ABSTRACT

Mythic place and myths of the self This chapter focuses on the phenomenon of travel to find, create and remake western selves. The relationship between tourism, subjectivity and self will be discussed by exploring the North Cape place myths. There are close relations between tourism and constructions of self. Sociologist Dean MacCannell has argued that the tourist is one of the best models that exists of the modern self, and that the most typical experience of the modern and western self happens through tourist experiences (MacCannell 1976). With reference to Claude Lévi-Strauss and Emile Durkheim, MacCannell has analyzed the structural similarities between religious and touristic symbols. MacCannell shows that the deep structure of modern society consists of one common theme, precondition or experience: selfdiscovery through a search for an absolute other.
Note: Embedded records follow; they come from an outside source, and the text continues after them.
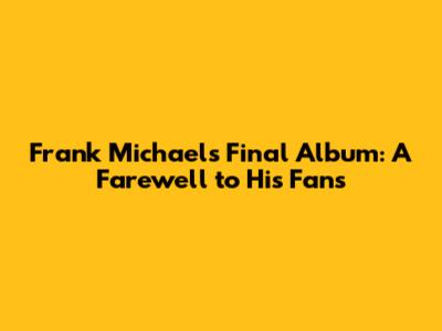 Frank Michael's Final Album: A Farewell To His Fans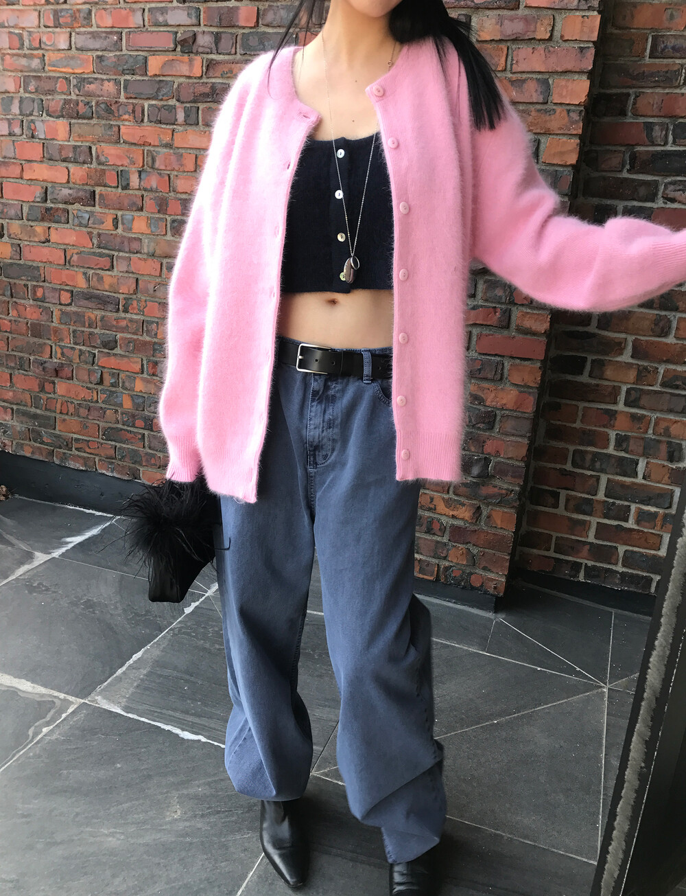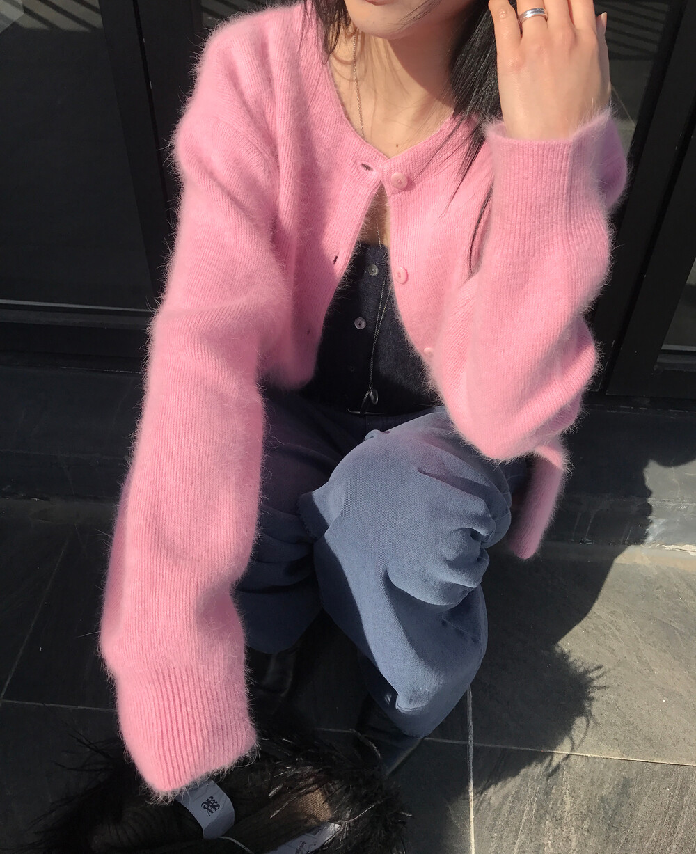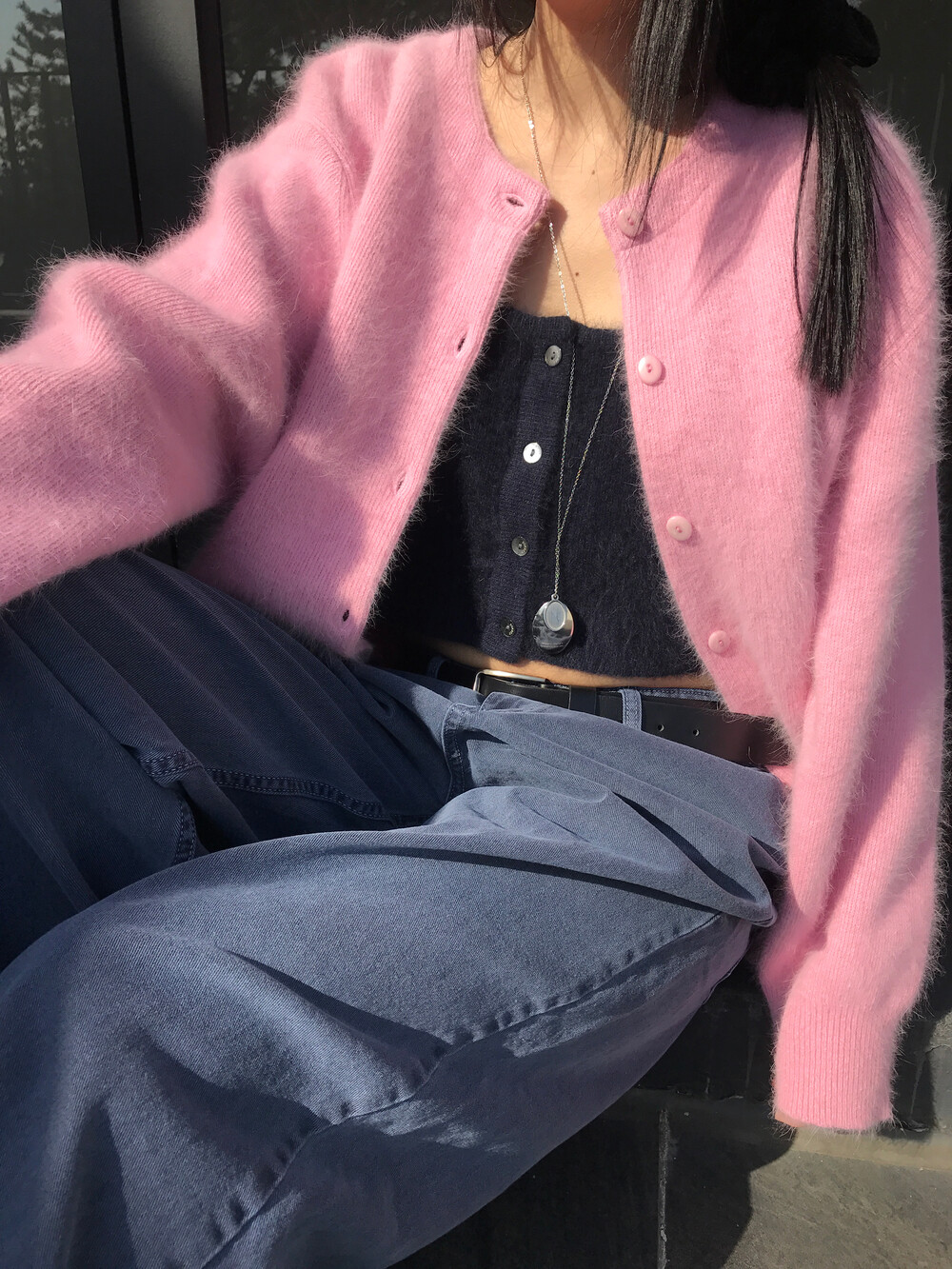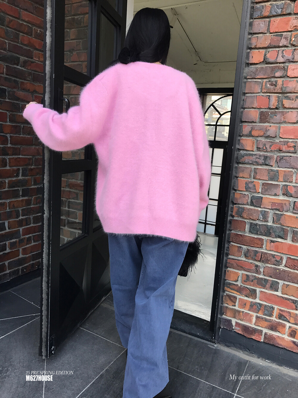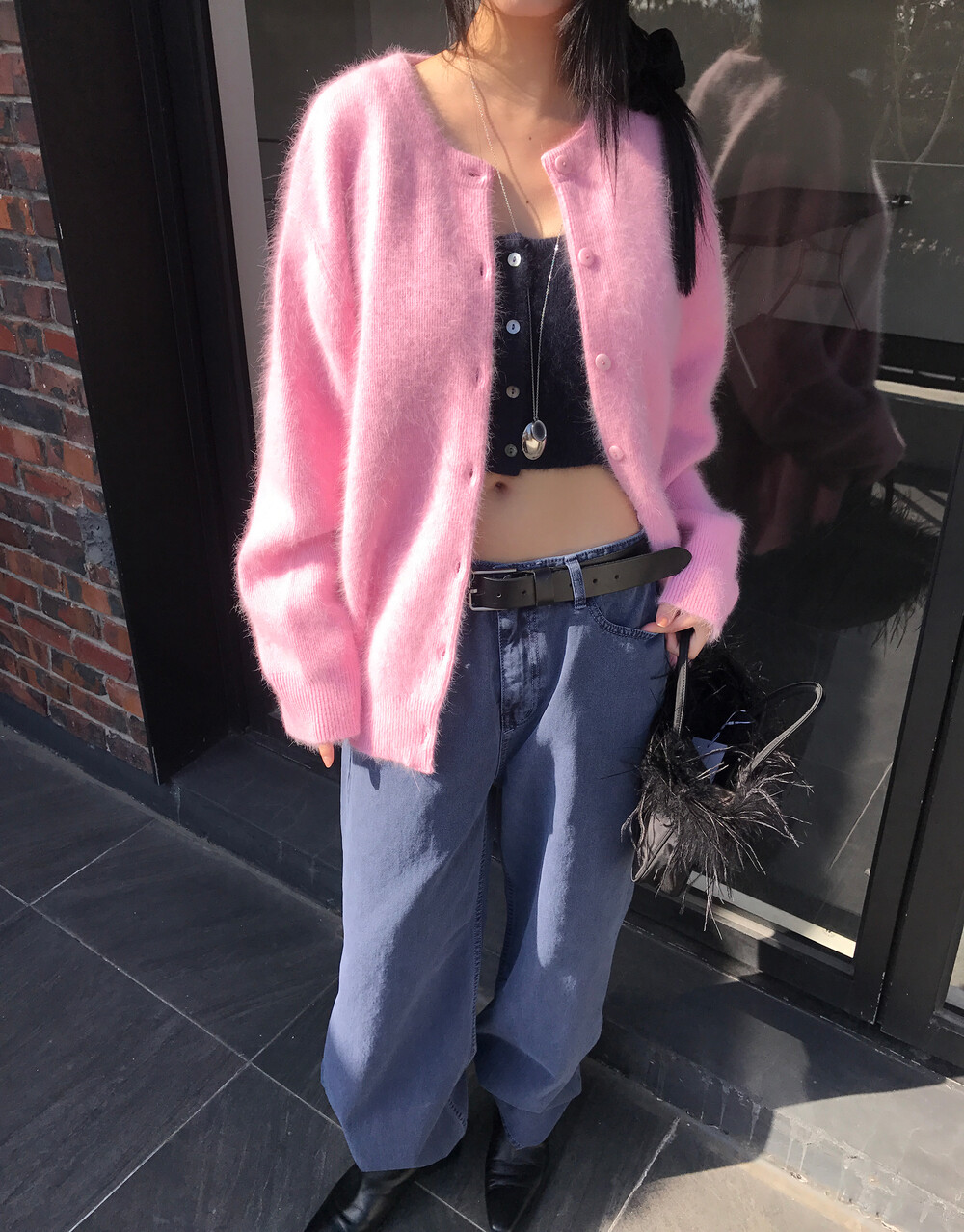부드러운 앙고라의 텍스처와 질감을 살린 헤어리한 원사를 사용해 포근한 무드가 느껴지는 가디건.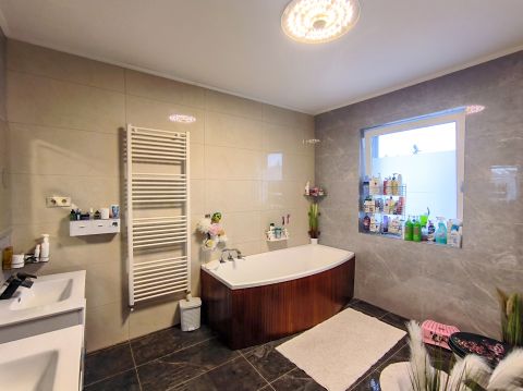 A 7 szoba és 4 fürdőszoba akár többgenerációs együttélést is lehetővé tesz, a ház minden helyiségében külön klímaberendezéssel.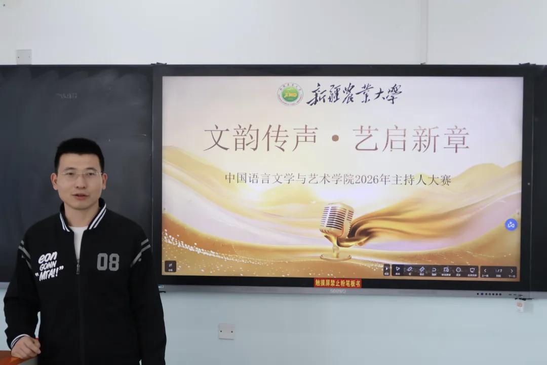 语言为媒,声动人心。近日,由新疆农业大学中国语言文学与艺术学院举办主持人大赛院级初赛圆满举行。本次比赛以“文韵传声·艺启新章”为主题,旨在发挥学院专业特色,搭建展示平台,让热爱语言表达的中语学子在舞台上用声音传递文韵,以主持绽放光彩。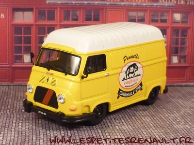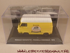 Modèle : Estafette tôlée réhaussée Année : 1968 Couleur : Jaune Echelle : 1/43 Fabricant : Ixo Référence 64 Collection : Veicoli pubblicitari d'epoca (Eaglemoss) Matière : Zamak, châssis plastique Série limité : Non Boitage : Boite cristal 7x15 Commentaires : Décorée aux couleurs de Pennelli Cinghiale. Modèle utilisé en 1974 par la marque mais datant de la période 1968-1971 vue la forme de la calandre et les marchepieds dans le pare-chocs |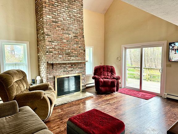 The ultimate lakeside living experience is here with this 3 bedroom home with views of Long Pond! Across from the Long Pond Beach Assoc. swimming beach, this is a water lover's paradise. Step into the vaulted main floor and you’re greeted by a layout that seamlessly integrates the living, dining, and kitchen areas. A breathtaking two-story brick fireplace will grab your attention, while sliders lead you out to your deck, where you’ll find the serene beauty of the pond. The 2nd floor has a loft area that is perfect for an office. This space leads into a master bedroom suite with private bathroom and walk in closet. The lower level offers even more with a finished room with double sliders leading out to a lower deck and yard. There is also the garage. Brand new Harvey windows and sliders fill this home with natural light! The heating system is newer! Bring your visions and embrace the waterfront lifestyle to create lasting memories in this retreat where every day feels like a vacation!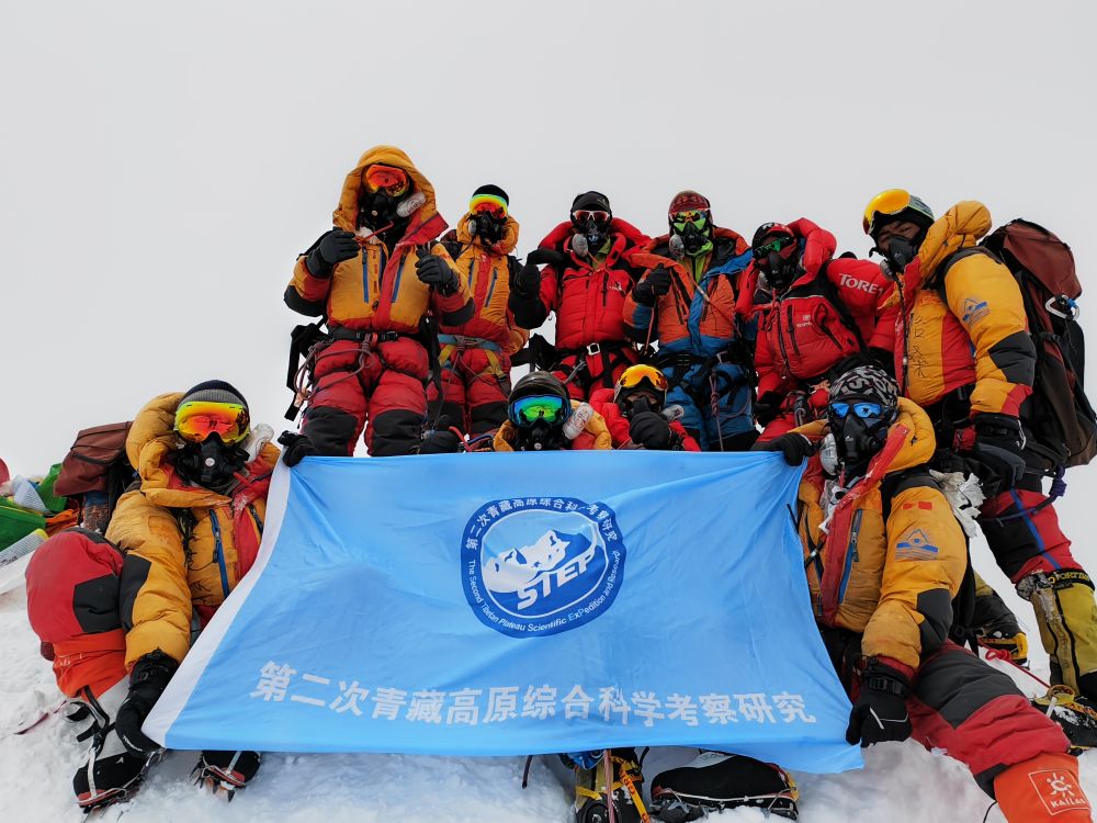 5月23日,科考登顶队员在珠峰峰顶展示第二次青藏高原综合科学考察研究旗帜。(摄影:拉巴)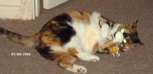 Sometimes I momentarily awaken in the wee hours of the morning, to hear the cat running madly throughout the apartment, chasing and batting toys around. The next day I may find bizzy balls under the furniture, mini-meece in the bedroom,and an occassional toy in the kitchen.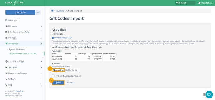 You have the option to import your own gift codes via a CSV file. This can be particularly useful if you want to sell tours/activities on discount websites like Groupon.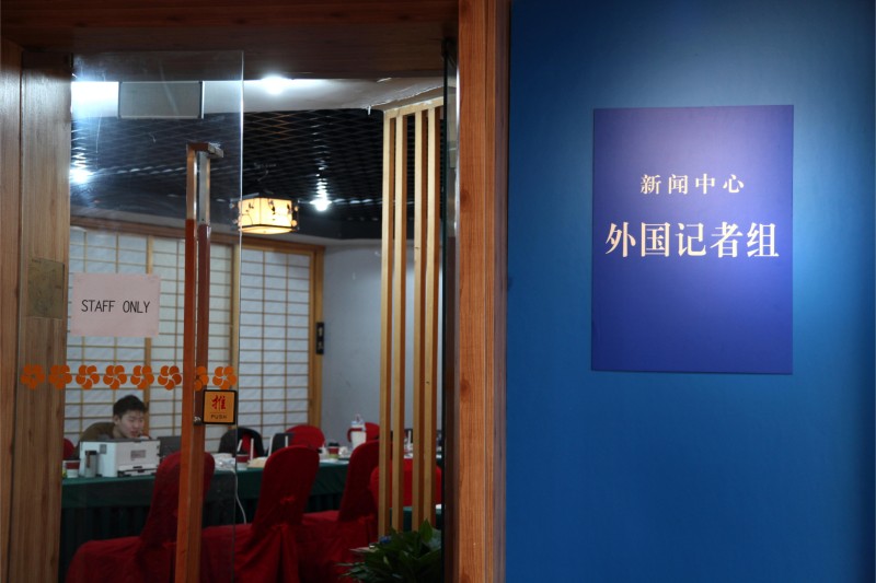 全国两会新闻中心外国记者组服务处。摄影/记者 郑茂典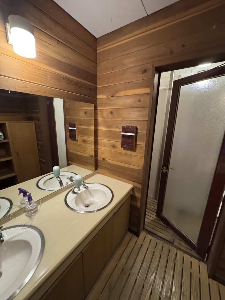 トレーラーロッジ内にはお風呂がないため、入浴は管理棟内の浴場(森の露天風呂)を利用します。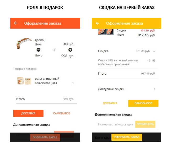 1. Производите настройку мотивирующих скидок и акций в мобильном приложении. Чтобы при последующем продвижении ваши клиенты, скачав приложение, сразу при оформлении заказа получали подарки, скидки.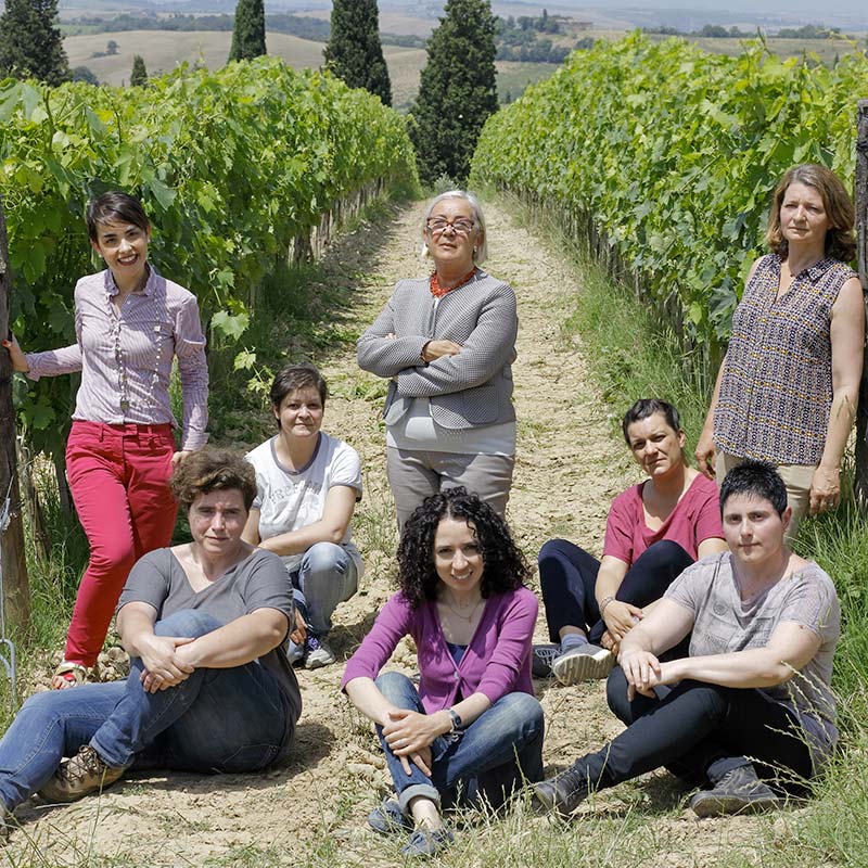 Il progetto, che prende il nome di “Prime Donne”, nasce per caso. La mia azienda deriva da una divisione dei beni dei miei genitori. Quando mia madre decise di andare in pensione nel 1998, le aziende e le proprietà dei genitori passarono a noi figli. Nell’idea di mia madre, mio fratello, essendo maschio, era più adatto a continuare l’attività familiare, che era quella di produrre vino a Montalcino. Quando dissi che volevo anch’io avere la possibilità di produrre un vino col mio stile e col mio nome, i genitori mi assegnarono due parti delle loro proprietà. Erano due parti marginali che avevano bisogno di grosse ristrutturazioni perché nella parte di Montalcino, che a quell’epoca si chiamava Casato, c’era un podere con delle vecchie vigne e un rudere con un albero dentro, tutto collassato. Nell’altra azienda, invece, c’era un forte indebitamento e una situazione non reddituale. Per aiutarmi in questa fase iniziale in cui c’erano tanti investimenti da fare (creare un brand e una rete commerciale, costruire le cantine, ripiantare le vigne…) mia madre mi diede una piccola quantità di vino Brunello in botte. Il vino Brunello deve rimanere in cantina quattro anni e mezzo e ha bisogno di cure costanti, ma io non sapevo come fare, non ero un’enologa. Quindi telefonai alla scuola di enologia più vicina e chiesi se ci fosse la possibilità di assumere uno/a studente. Mi dissero che i buoni enotecnici devono essere richiesti con almeno due anni di anticipo, mentre le donne erano tutte disponibili perché le cantine non le assumevano come direttrici. Mi resi conto dell’esistenza di una discriminazione che era così antica ma così diffusa e così normale che non si vedeva. Risultava normale che un cantiniere fosse maschio, come un meccanico fosse maschio, un elettricista fosse maschio… Allora decisi di fare qualcosa per cambiare questa situazione: aprire una cantina di sole donne per dimostrare che i grandi vini non hanno bisogno di forza fisica, hanno bisogno di talento. All’inizio la mia scelta è stata presa solo come una scelta di marketing, poi si sono resi conto del fatto che in venticinque anni noi siamo riuscite a portare i nostri vini in quarantaquattro mercati, dimostrando che la nostra scelta era valida.

The deep structure of modern society consists of a self constructed in relation to its other: one’s own past and pre-modern societies. Sightseeing is particularly important in the modern experience, according to MacCannell, because the tourist attempts to integrate unconnected experiences into wholeness. The value of sightseeing represents a ceremonial legitimation of the sighted, namely the self. The cultural elite in modern society reproduces this distinction between self and other through travel for the sake of cultural pursuits, but never for pleasure and never admitting to buying a package trip to a tourist destination. The paradox comprises, MacCannell argues, the tourist denying being a tourist. The tourist is always the other one, which means that the tourist nevertheless is fixed in a paradoxical bond to its other.